Человека, лежавшего подле убитого, звали Киямуддином. Негматовские ребята переиначили его имя на свой лад и величали дядей Федей. Он действительно напоминал какого-нибудь ростовского либо кубанского дядю Федю — сельского силача, что запросто, двумя пальцами мнет монету, — будто это не монета, отчеканенная из плотного жесткого металла, а податливый хлебный мякиш, который как хочешь, так и раскатывай, — от куска свинца отщипывает крошки, плющит их, скругливает в дробины, поднатужившись, ломает пополам каленый новенький напильник, который сломать не то что истончавшуюся, поеденную ржавью, старую, стертую подкову, — на новый напильник сила недюжинная требуется. Лицо у Киямуддина было круглым, словно каравай хлеба, добрым и каким-то затейливым, с хитрецой, будто бы Киямуддин всегда в заначке держал какой-нибудь фокус, которым готов был удивить и любопытного сопливого мальца, и взрослого человека, либо одарить конфетой, или блескучей, радостной, как рождественская игрушка, безделушкой, каких у дяди Феди было полным-полно в бездонных карманах широких, сшитых по принципу «есть две штанины — и ладно» брюк. Брюки эти дядя Федя, естественно, никогда не гладил — он был холостяком, закоренелым и уверенным в себе, уже старым, как он считал, для жениховства, хотя имел на «балансе» всего-навсего тридцать восемь лет, — колени отдувались, вольно полоскались на ветру, были белесыми оттого, что дядя Федя часто оглаживал их руками.

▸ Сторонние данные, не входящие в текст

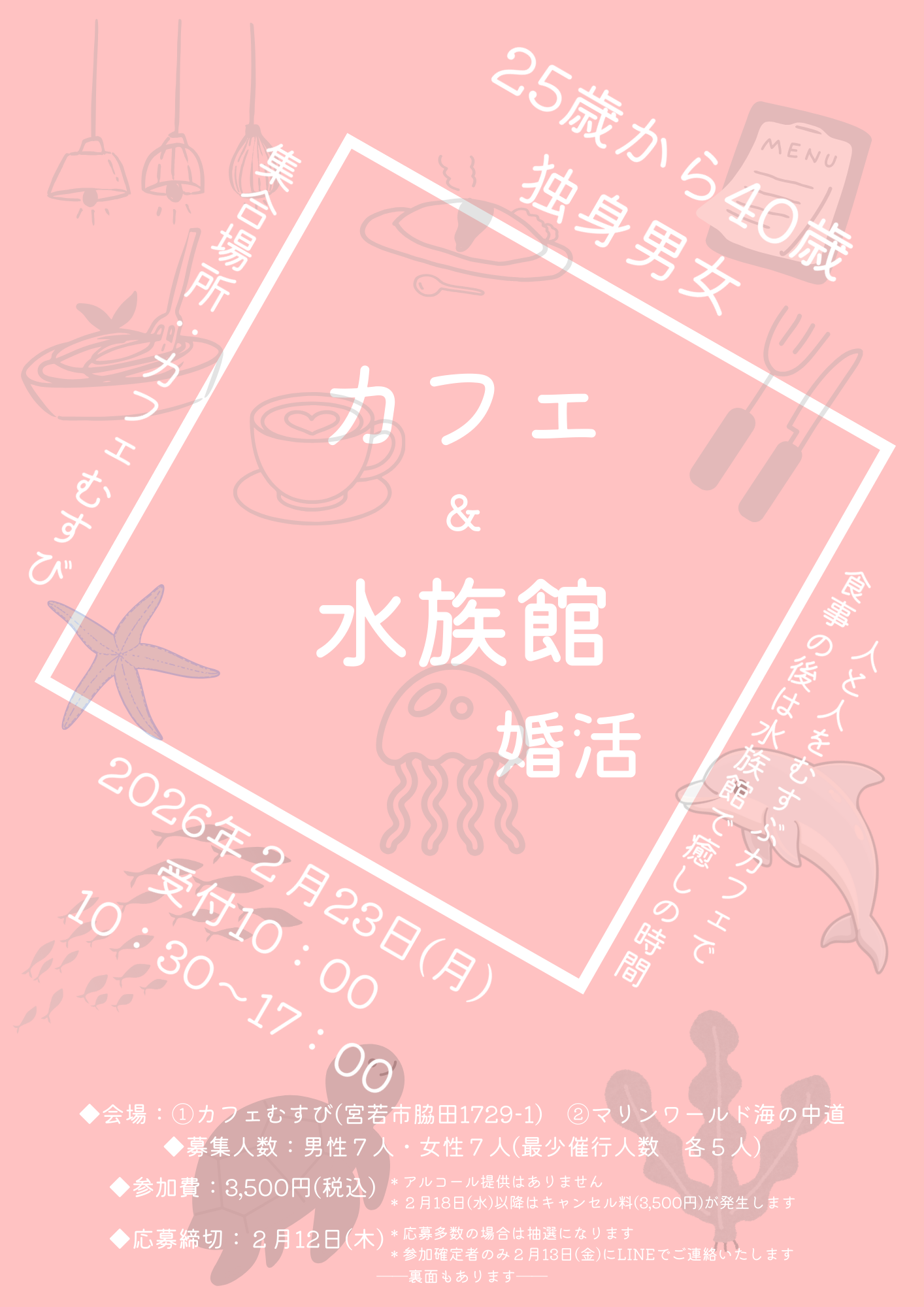 開催日2026年02月23日(月) 応募締切2026年02月12日(木) 参加資格25歳~40歳以下の独身者 募集人数男女各7名(最小催行人数各5名)会場:カフェむすび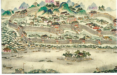 屈大均在《广东新语》中把越秀山上的镇海楼与禁钟楼(岭南第一楼)、海山楼和拱北楼合称为广州城“四大崇楼”。镇海楼被誉为“岭南第一胜概”,也是当时广州城区的制高点。咸丰六年(1856),英法侵略军兵临广州城下,清廷在镇海楼筹议战事,镇海楼一度有“筹边楼”之称。现镇海楼旁还保存一段明城墙。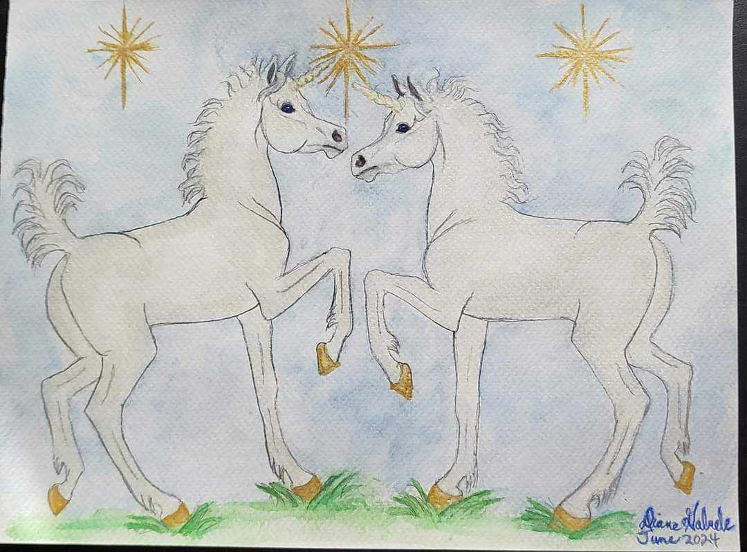 9 x12 watercolor painting of Magical Whimsical Unicorns

— Пришла пора к Аллаху отправляться, пришла, — выдохнул дядя Федя шепотом, выгнулся на земле, пытаясь приподняться, но вновь ничего не вышло, и он сник, улыбнулся виновато, смущенно окровяненными крупными губами.
Он был из тех простых, а точнее, «простодырных», по определению Виктора Астафьева, людей, которых и на Руси полным-полно, что больше всего на свете боятся причинить кому-нибудь неудобство, беспокойство — даже когда умирают, они стесняются, забиваются в угол, отходят без стенаний и вздохов, считают, что негоже обременять своей смертью других, тревожить, но когда такие люди уходят, то в мире образуется дырка, без них бывает пусто и горько, в глотке глохнет крик, а сердце отказывается работать.
— Вот и не поступил я в техникум, — дядя Федя захрипел, струйки крови, сочившиеся изо рта, сделались густыми, быстрыми, пульсирующими, словно кто-то выталкивал кровь изнутри, в плечах поломанно хрустнули кости, звук был неожиданным и больным, куда хуже, чем хлопок выстрела либо сочное рыбье чавканье пуль, влипающих в рыхлую, перемешанную с песком землю.